In some examples of the first aspect, one or more of the following may be true: the input waveguide and the photodiode material of the photodiode component do not overlap; the input waveguide is not optically coupled to the photodiode material of the photodiode component; and the input waveguide does not input light to the photodiode material of the photodiode component.

In some examples of the first aspect, the photodiode material has a higher index of refraction than the optical coupling waveguide.

In some examples of the first aspect, one or more of the following may apply: the input waveguide is tapered, narrowing along a longitudinal axis, and along the optical coupling waveguide; and the input waveguide has an effective index of refraction that decreases along the longitudinal axis, and along the optical coupling waveguide.

In some examples of the first aspect, one or more of the following may apply: the optical coupling waveguide is tapered, narrowing along a longitudinal axis, and along the photodiode material; and the optical coupling waveguide has an effective index of refraction that decreases along the longitudinal axis, and along the photodiode material.

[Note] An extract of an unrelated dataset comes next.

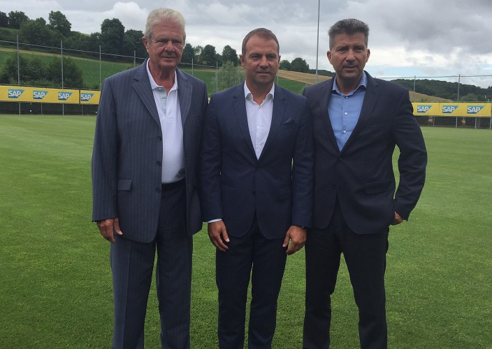 Fußball-Bundesligist TSG 1899 Hoffenheim stellte heute Hansi Flick als neuen Geschäftsführer Sport vor. Der 52-Jährige wird ab 1. Juli gemeinsam mit Frank Briel und Dr. Peter Görlich das Führungsteam der TSG 1899 Hoffenheim Fußball-Spielbetriebs GmbH bilden. Im mit 50 Medienvertretern vollbesetzten Presseraum im Trainingszentrum in Zuzenhausen, bei dem neben Flick auch TSG-Gesellschafter Dietmar Hopp auf dem Podium Platz nahm, wurden in einer 40-minütigen Pressekonferenz die neuen Strukturen ausführlich erläutert. Hopp machte gleich zu Beginn deutlich, was die Personalie Flick für den Verein bedeutet: „Heute ist ein bedeutender Tag für die TSG. Die Verpflichtung von Hansi Flick als Geschäftsführer ist ein Meilenstein auf dem Weg unseres Klubs. Wir sind nun auf allen Führungspositionen optimal besetzt. Mit Hansi Flick haben wir ein neues Gesicht bekommen. Er kennt im Fußball die Nachwuchs- wie die Profi-Welt gleichermaßen gut und er ist national und international bestens vernetzt. Dazu ist er regional verwurzelt und hat große Sympathiewerte. Wir sind glücklich, dass er ab dem 1. Juli für uns arbeiten wird und hoffen, dass er uns lange erhalten bleibt.“
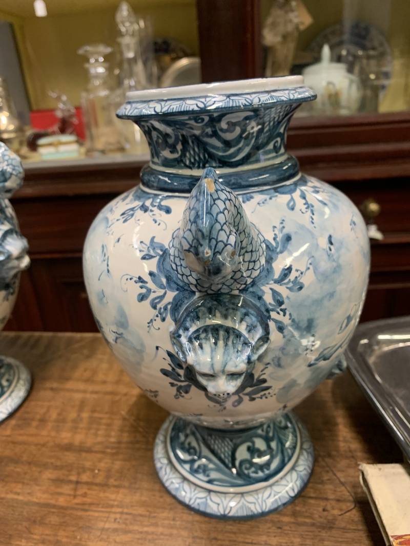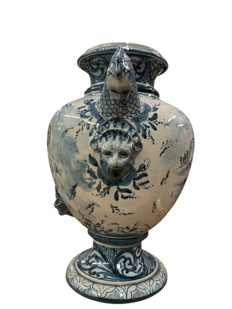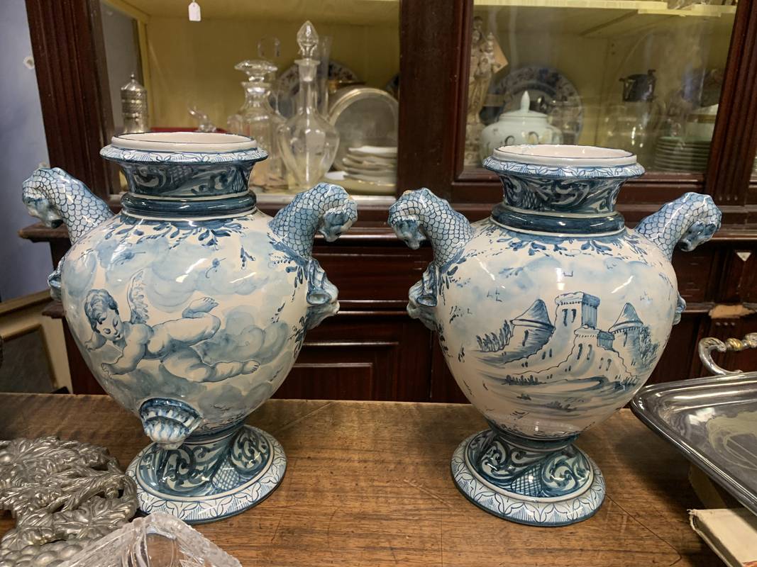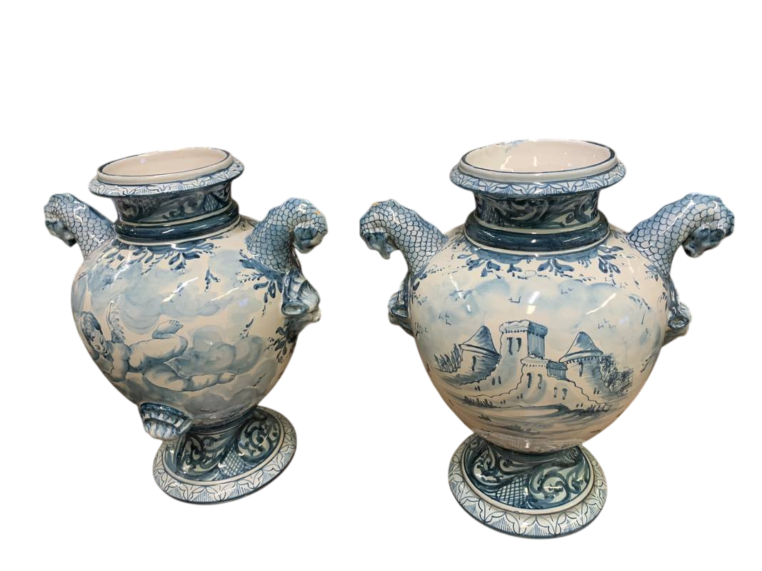 2 vasi bianchi e blu Albisola anse con draghi decori Rinascimentali

In some examples of the first aspect, one or more of the following may apply: the photodiode material is tapered, widening along a longitudinal axis, and along the optical coupling waveguide; and the photodiode material has an effective index of refraction that increases along the longitudinal axis, and along the optical coupling waveguide.

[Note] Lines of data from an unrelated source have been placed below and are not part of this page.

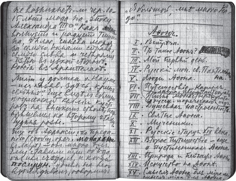 Первоначальный план описания путешествия по Святой Горе (Записная книжка, лл. 37 об. – 38).
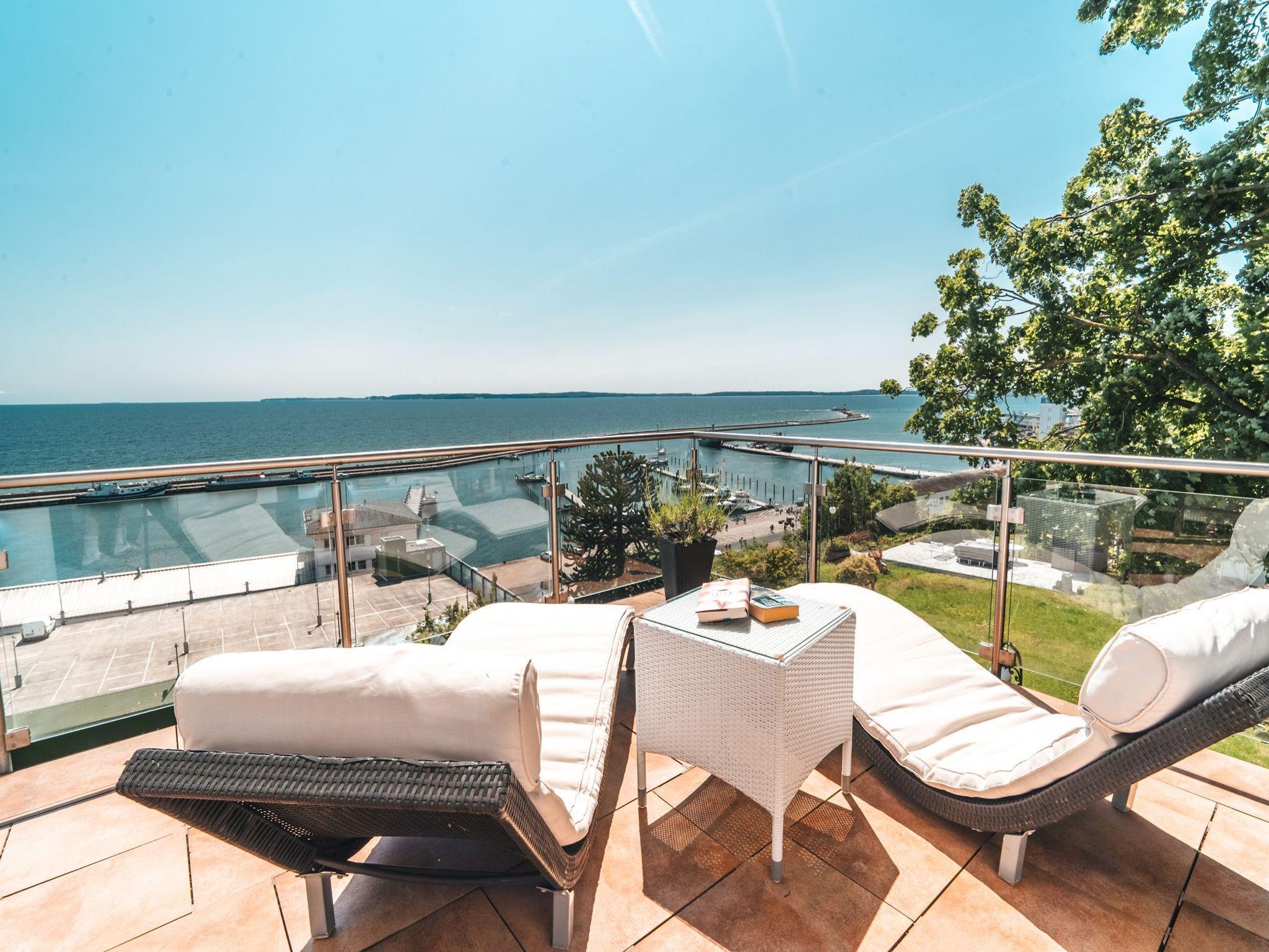 ? Der großzügige Balkon mit Loungemöbeln und Sonnenliegen in Südlage, mit Blick über den Stadthafen von Sassnitz - Ostseeweitblick pur, garantieren einen erholsamen Urlaub.
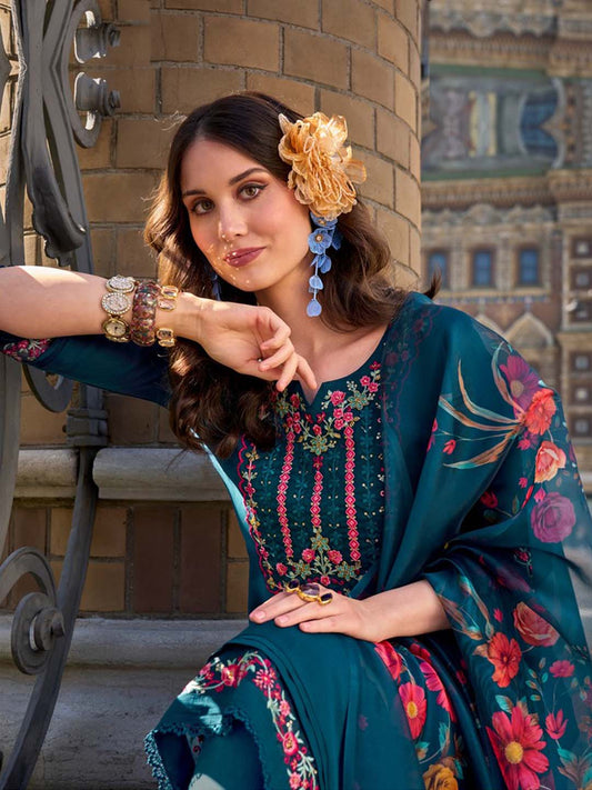 Teal Blue Fancy Work Stitched Suit Set With Dupatta

In some examples of the first aspect, one or more of the following may apply: the input waveguide is tapered, narrowing along a longitudinal axis, and along the optical coupling waveguide; the optical coupling waveguide is tapered, narrowing along the longitudinal axis, and along the photodiode material; and the photodiode material is tapered, widening along the longitudinal axis, and along the optical coupling waveguide.

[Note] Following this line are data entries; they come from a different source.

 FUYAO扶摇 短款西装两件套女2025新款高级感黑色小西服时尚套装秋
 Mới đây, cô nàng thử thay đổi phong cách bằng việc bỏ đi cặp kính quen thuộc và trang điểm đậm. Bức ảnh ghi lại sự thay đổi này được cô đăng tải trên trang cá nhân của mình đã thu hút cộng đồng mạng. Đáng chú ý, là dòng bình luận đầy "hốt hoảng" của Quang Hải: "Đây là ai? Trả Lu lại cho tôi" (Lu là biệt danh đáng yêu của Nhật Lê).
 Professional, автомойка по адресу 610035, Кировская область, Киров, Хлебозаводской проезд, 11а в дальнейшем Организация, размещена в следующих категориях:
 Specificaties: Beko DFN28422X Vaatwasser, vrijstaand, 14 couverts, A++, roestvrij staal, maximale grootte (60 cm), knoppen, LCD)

In some examples of the first aspect, one or more of the following may apply: the input waveguide has an effective index of refraction that decreases along a longitudinal axis, and along the optical coupling waveguide; the optical coupling waveguide has a respective effective index of refraction that decreases along the longitudinal axis, and along the photodiode material; and the photodiode material has a respective further effective index of refraction that increases along the longitudinal axis, and along the optical coupling waveguide.

In some examples of the first aspect, the photodiode further comprises a substrate, wherein the optical coupling waveguide is over the photodiode material, relative to the substrate, and one of: over the input waveguide, relative to the substrate; below the input waveguide, relative to the substrate; and side-by-side with the input waveguide, relative to the substrate.

In some examples of the first aspect, the photodiode further comprises a scaling layer between a length of the photodiode material and the optical coupling waveguide, the sealing layer configured to not alter properties of light of a wavelength carried by the input waveguide.

A second aspect of the specification provides a photodiode comprising an input waveguide and a photodiode component, wherein the input waveguide is adjacent a structure of a photodiode material of the photodiode component, at least partially along a length of the structure of the photodiode material. A gap between the input waveguide and the structure of the photodiode material decreases along a longitudinal axis of the structure, such that, as the gap narrows, more light is coupled from the input waveguide into the structure of the photodiode material.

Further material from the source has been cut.